To confirm, which of these message(s) in the DBReplication channel is this task primarily about?

Wikimedia\Rdbms\LoadBalancer::getRandomNonLagged: server {host} is not replicating?
Wikimedia\Rdbms\LoadBalancer::pickReaderIndex: all replica DBs lagged. Switch to read-only mode
Wikimedia\Rdbms\LoadBalancer::doWait: Timed out waiting on {host} pos {pos}

Triaging as Meta/Low-Impact because the error message is indicating a real issue outside MediaWiki, and the issue is actionable. But we'd like to let MediaWiki check/report the issue less frequently.

From a quick look, it seems to me that the Wikimedia-RDBMS library already uses caching for the result of the replication-lag checks.

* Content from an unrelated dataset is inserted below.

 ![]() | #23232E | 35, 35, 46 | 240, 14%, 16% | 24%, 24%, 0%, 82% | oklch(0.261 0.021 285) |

However, the checking and reporting of that result happens in a layer on top of that. Which means there is a fair amount of echo-ing where those that use the memorised value, still report it as their own finding.

To some extent that might be intentional, in that the error might be useful to correlate cascading problems in the sam request, using the request ID to correlate them.

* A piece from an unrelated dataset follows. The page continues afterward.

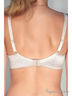 Бюстгальтер с мягкой чашкой выполнен из сатина. Чашка с Т-образным рельефом. Нижняя часть чашки из сатина, верхняя часть чашки выполнена из сатина с вышивкой. Верхний ажурный край вышивки закреплен тонкой резинкой с изнаночной стороны. Чашки поддерживаются металлическими каркасами. По центру широкой передней детали украшение маленький атласный бантик. Бретели в цвет основного полотна. Бретели украшены маленьким атласным бантиком. Подкладка чашек из хлопка. Боковые детали с поддерживающими костями. Сзади закругленный вырез.

But, I am not entirely sure whether that is needed for this error. If it is, then we could still change the severity level based on which of the two scenarios it is under, e.g. level=INFO vs level=WARNING.

"Using cached lag value for {db_server} due to active transaction" was logged 3,356 times in the last hour. I wonder what is the value of something that logs (with constant rate) every second, and the performance impact it may have on both requests by servers and the logging infrastructure.

Krinkle added a subscriber: aaron.

@aaron We've tuned a few of these recently, but the link from Jaime still shows 5K entries in the last hour which suggests perhaps this one could still be improved. Assuming so, I'm moving this to the small backlog to pick up at some point.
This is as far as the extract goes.